Derivation parallels equations 10–14 in the DULNT paper and also in equations 17–26 in DDPM paper. Both papers leave out some details. DDPM does not explicitly show Jensen’s Inequality step , the DULNT paper shows that in equations 11–12. Neither paper explicitly shows some integrals computing to 1. The KL terms results from application of these tricks.

Equation 4 of DDPM :

q(x(t)|x0) = Π q(x(t)|x(t-1))

x(1)= sqrt(1-β(1)) x(0) + sqrt(β(1))ε(1) , ε(1) is N(0,I) sample

x(2) = sqrt(1-β(2)) [sqrt(1-β(1)) x(0) + sqrt(β(1))ε(1)]+ sqrt(β

(2))εt(2)

x(2) = sqrt((1-β(1)) (1-β(2))) x(0) + sqrt(1-β(2))sqrt(β(1))ε(1)+ sqrt(β(2))ε(2)

invoking variance law of sum of Gaussian random variable on ε(2) and ε(2) (e.g. equal to sum of variances )

= sqrt((1-β(1)) (1-β(2))) x(0) + sqrt( (1-β(2)) β(1) +β(2))ε

= sqrt((1-β(1)) (1-β(2))) x(0) + sqrt(1- (1-β(2) (1-β(1)

… so on till t , gives the following

q(x(t)|x0)= N (x(t); sqrt(αbar(t))x0, (1-αbar(t))I)

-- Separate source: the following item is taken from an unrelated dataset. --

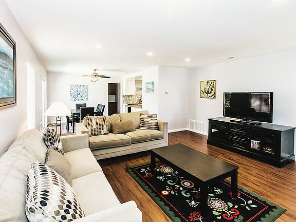 Absolutely adorable single level detached cottage on a quiet street within a small enclave of beach-close homes! Situated on a rare corner lot providing a larger yard & plenty of natural light, this home offers a remodeled kitchen with quartz countertops, marble backsplash, & new stainless sink & new appliances. Bright bathrooms feature new vanities, mirrors, light fixtures, custom tiled showers, & sunlights! Hardwood tile flooring, new dual pane windows & slider to backyard, and fresh paint inside & out.Fully enclosed drought tolerant backyard with fountain and large tropical planter featuring palms and fruit tree. Spacious two-car garage with new garage door with windows. Entire home was re-wired in 2015 with recessed lighting and dimming features. Double-door entry lets in coastal breezes, with the sandy shores of Carlsbad beaches less than 0.5m away. Restaurants, shops, coaster train station of Carlsbad Village are just moments away, and nearby rail trail provides a safe and convenient walking/biking path for convenient access! Also close are award winning Carlsbad schools including Jefferson Elementary (features International Baccalaureate program) and nearby to Valley Middle School, and Carlsbad High School. Low HOA fees of $108/mo include exterior gardener, master insurance, management fee. RV/boat parking available.

where αbar(t)= (1-β(1)) (1-β(2)) … (1-β(t)) = Π(1-β(s))

Equation 8 of DDPM :

It is a straight forward application of KL divergence of 2 Gaussians. See KL Divergence in the Statistics Refresher below.

βt Schedule and Training:

There appears to be a number of reasons for choosing sqrt(1 — βt) to scale the mean. First is the closed form expression obtainable above. The second, is to gradually move the mean to 0. Setting to 0 removes any history of the original pixel value. However, diffusion models scales βt between 1e-4 and 2e-2 and diffuses for a fixed number of steps (e.g. 1000). Hence, the mean does not get scaled to 0 , but to a small number ( e.g. 6.4e-3 ). This scaling is also deterministic. The noise term that is added is random. As a result the noised image is random, but still likely a vestige of the original picture. The starting image, called x_start in the code, has values ranging between -1 and 1 for each element. The noise, which is a tensor of same shape as the image, varies between — ∞ and +∞ with a standard deviation of 1 before multiplication by the scaling term ( Equation 4 of DDPM )

As mentioned above, both the DULNT and the DDPM paper optimizes random terms of L (see the Log likelihood and variational lower bound expression above) through SGD. The rationale for this is that sum of squared values are minimized when each value is minimized. Also makes training simpler and less compute intensive. Another reason for optimizing individual terms of L is that the networks also learns to include individual steps thus preserving the priciples of AIS.

State of the Art(ish):

  1. High-Resolution Image Synthesis with Latent Diffusion Models (LDM):
LDM block diagram ( from LDM)

This paper introduced new features and changes to the base diffusion model. Namely as follows.

i) An encoder to generate features from image pixels. The diffusion model works in this feature space. This reduces the compute required and hence makes higher resolution image generation practical. The encoder from a VQVAE is used for the features .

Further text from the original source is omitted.